* Records for the task *
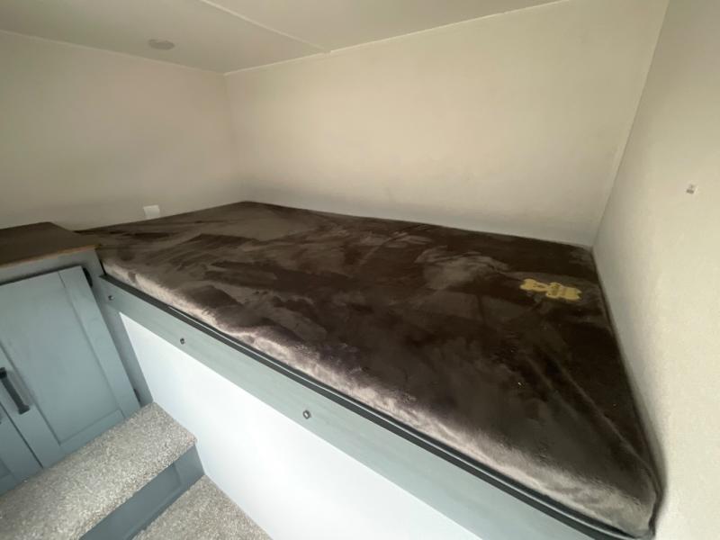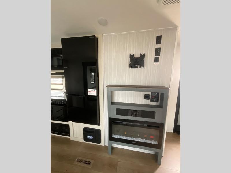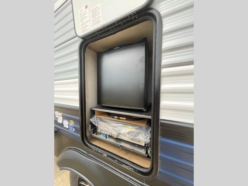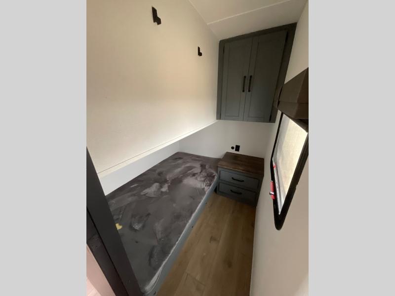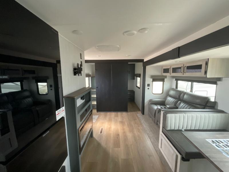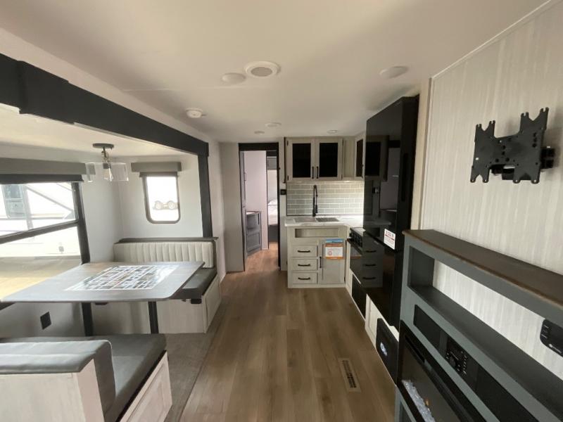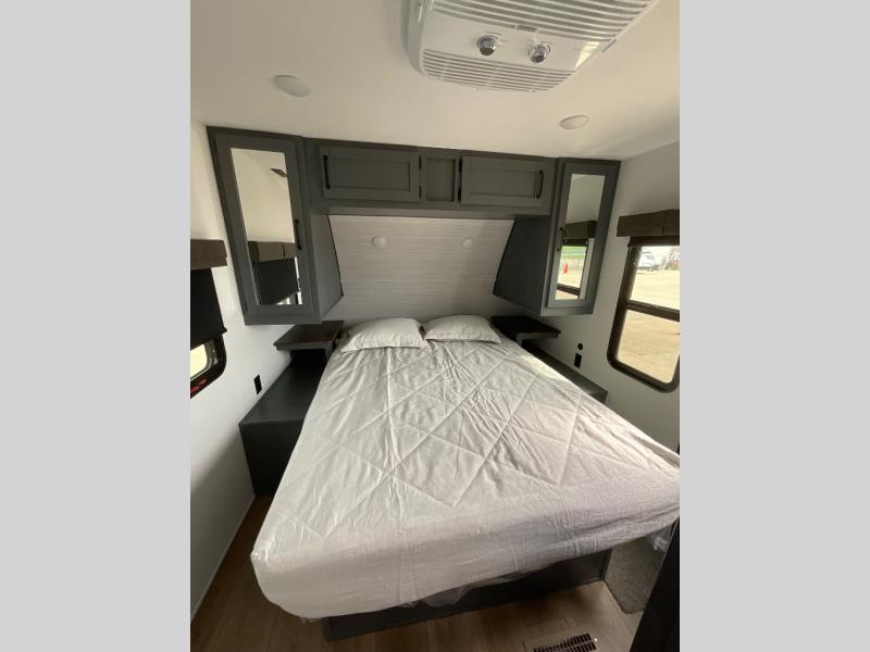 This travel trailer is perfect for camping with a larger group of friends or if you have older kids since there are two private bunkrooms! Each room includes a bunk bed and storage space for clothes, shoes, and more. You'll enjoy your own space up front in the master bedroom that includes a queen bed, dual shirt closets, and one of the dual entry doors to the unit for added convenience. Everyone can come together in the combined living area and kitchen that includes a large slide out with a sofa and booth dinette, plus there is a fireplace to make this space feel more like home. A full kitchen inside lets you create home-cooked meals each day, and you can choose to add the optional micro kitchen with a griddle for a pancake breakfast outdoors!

--

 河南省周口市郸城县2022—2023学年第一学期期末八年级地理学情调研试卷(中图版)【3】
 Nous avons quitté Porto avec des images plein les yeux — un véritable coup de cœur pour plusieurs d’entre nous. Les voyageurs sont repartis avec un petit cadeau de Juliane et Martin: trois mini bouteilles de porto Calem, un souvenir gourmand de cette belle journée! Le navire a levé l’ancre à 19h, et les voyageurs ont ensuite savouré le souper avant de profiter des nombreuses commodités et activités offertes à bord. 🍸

---

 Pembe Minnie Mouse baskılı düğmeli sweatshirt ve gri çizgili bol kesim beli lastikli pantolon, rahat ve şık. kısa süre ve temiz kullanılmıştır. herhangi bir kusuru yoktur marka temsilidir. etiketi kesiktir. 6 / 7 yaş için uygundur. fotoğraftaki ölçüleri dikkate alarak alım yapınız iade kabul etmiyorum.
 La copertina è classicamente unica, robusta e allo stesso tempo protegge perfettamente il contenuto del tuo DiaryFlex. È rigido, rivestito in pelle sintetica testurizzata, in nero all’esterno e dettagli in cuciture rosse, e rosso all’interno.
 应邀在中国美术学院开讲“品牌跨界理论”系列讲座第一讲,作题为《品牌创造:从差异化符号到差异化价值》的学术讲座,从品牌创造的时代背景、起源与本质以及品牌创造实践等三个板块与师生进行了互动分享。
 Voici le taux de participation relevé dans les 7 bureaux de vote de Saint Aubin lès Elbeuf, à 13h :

* Task objective *
Copy verbatim, from the listing above, each line from the one containing "Pembe Minnie Mouse" down to the one containing "Voici le taux", inclusive.

* Result of this task *
 Pembe Minnie Mouse baskılı düğmeli sweatshirt ve gri çizgili bol kesim beli lastikli pantolon, rahat ve şık. kısa süre ve temiz kullanılmıştır. herhangi bir kusuru yoktur marka temsilidir. etiketi kesiktir. 6 / 7 yaş için uygundur. fotoğraftaki ölçüleri dikkate alarak alım yapınız iade kabul etmiyorum.
 La copertina è classicamente unica, robusta e allo stesso tempo protegge perfettamente il contenuto del tuo DiaryFlex. È rigido, rivestito in pelle sintetica testurizzata, in nero all’esterno e dettagli in cuciture rosse, e rosso all’interno.
 应邀在中国美术学院开讲“品牌跨界理论”系列讲座第一讲,作题为《品牌创造:从差异化符号到差异化价值》的学术讲座,从品牌创造的时代背景、起源与本质以及品牌创造实践等三个板块与师生进行了互动分享。
 Voici le taux de participation relevé dans les 7 bureaux de vote de Saint Aubin lès Elbeuf, à 13h :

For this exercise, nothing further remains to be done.